After decades of ignoring Russia's national security concerns, the West is confronted with a military invasion of Ukraine which serves as a precursor for a new Cold War that will define Russia's relationship with the West for years to come.
Let there be no mistake, on Feb. 24, the world awoke to a new reality. Prior to this date, Russia was treated by the West as an annoyance, belittled by economic and even military elites as little more than a "giant gas station masquerading as a nation," to quote John McCain, the now-deceased senator from Arizona.
Russian President Vladimir Putin had been subjected to a series of sophomoric psychological profiles that trivialized Russian national concerns as little more than the psychotic whim of a troubled individual. The caricatures that emerged of the Russian state and its leadership colored the analysis of Russia's oft-stated concerns over what it viewed as its legitimate national security.
This blinded the West to the reality of what was transpiring. Because no one took Russia seriously, no one could imagine a large-scale ground war in Europe. So everyone was taken by surprise when such a conflict broke out.
How We Got Here
Ever since Nato had opened the door to membership for Ukraine and Georgia during the 2008 Bucharest summit, Russia has been making its vehement opposition known.
William Burns, the former US Ambassador to Russia and now director of the CIA, captured the Russian sentiment in a February 2009 memorandum: "Nyet means nyet: Russia's Nato enlargement red lines."
Russia, Burns noted, viewed "farther eastward expansion as a potential military threat" giving rise to Russian fears that "the issue could potentially split the country [Ukraine] in two, leading to violence or even, some claim, civil war, which would force Russia to decide whether to intervene."
One need only to look at what has transpired in Donetsk and Luhansk and Russia's current military operation in Ukraine to understand how prescient Burns' cable was.
Burns, however, was ignored.
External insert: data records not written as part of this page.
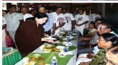
അതിഥി വരുന്ന പ്രദേശത്തിൽ നിന്നും വരുന്നവരുടെ ചെലവ് മൂല്യം ഉൾപ്പെടെ എല്ലാ ചെലവുകളും സംസ്ഥാന സർക്കാർ വഹിച്ചു. 1006 ദാമ്പത്യം കെട്ടിപ്പിടിച്ചു.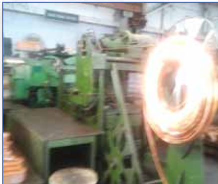
AUTOMATIC EDGE WINDING MACHINE OF LENGTH 1MTRS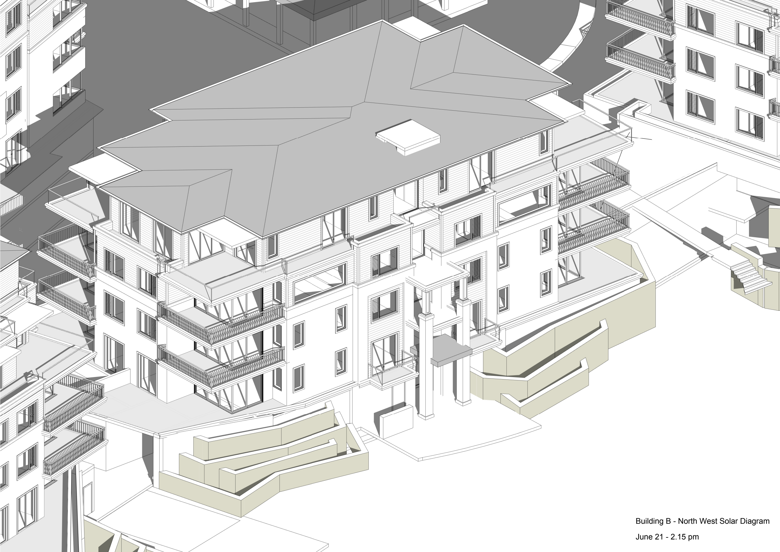
Building B - North West Solar Diagram June 21 - 2.15 pm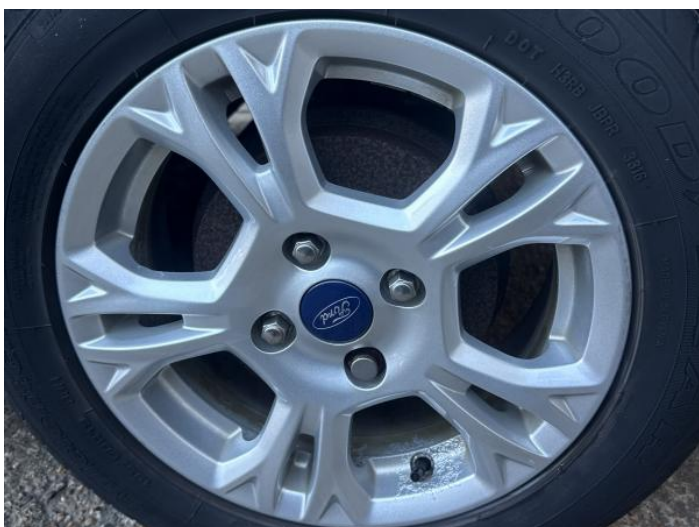
7: Wheel nsr Scratched Over 50mm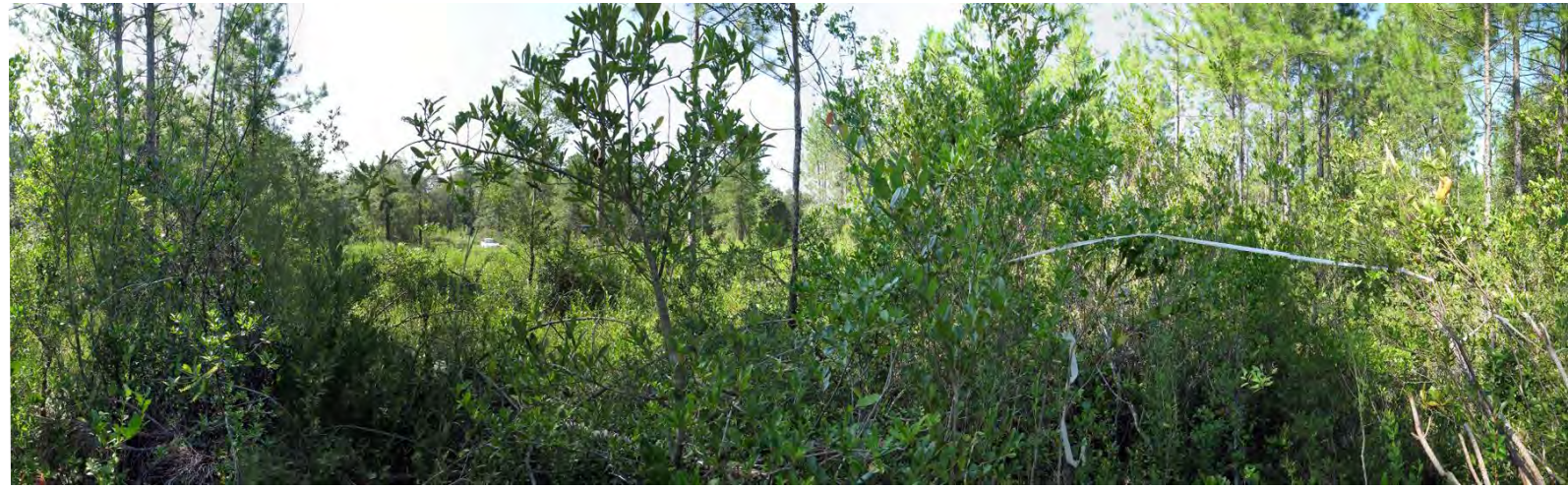
P10 – 2007 (11/01/2007)

So, too, was Putin, who had been lecturing the West ever since his landmark speech at the 2007 Munich Security Conference, where he famously called out the US for having "overstepped its national borders in every way."
Putin declared, "This is visible in the economic, political, cultural, and educational policies it imposes on other nations. Well, who likes this? Who is happy about this?" He was greeted by silence.
"I am convinced," Putin told the assembled leadership of the Western world, "that we have reached that decisive moment when we must seriously think about the architecture of global security. And we must proceed by searching for a reasonable balance between the interests of all participants in the international dialogue."
At Munich, the Russian president warned that Western polices "stimulate an arms race." He repeatedly warned the US and Nato that President George W. Bush's precipitous decision to withdraw from the 1972 Anti-Ballistic Missile treaty and then to deploy anti-missile defense systems in two Nato countries, Poland and Romania, posed a direct threat to Russian national security.
In 2018, Putin unveiled new types of Russian strategic nuclear weapons designed to defeat US missile defenses. "No one has listened to us," Putin declared at the time. "You listen to us now."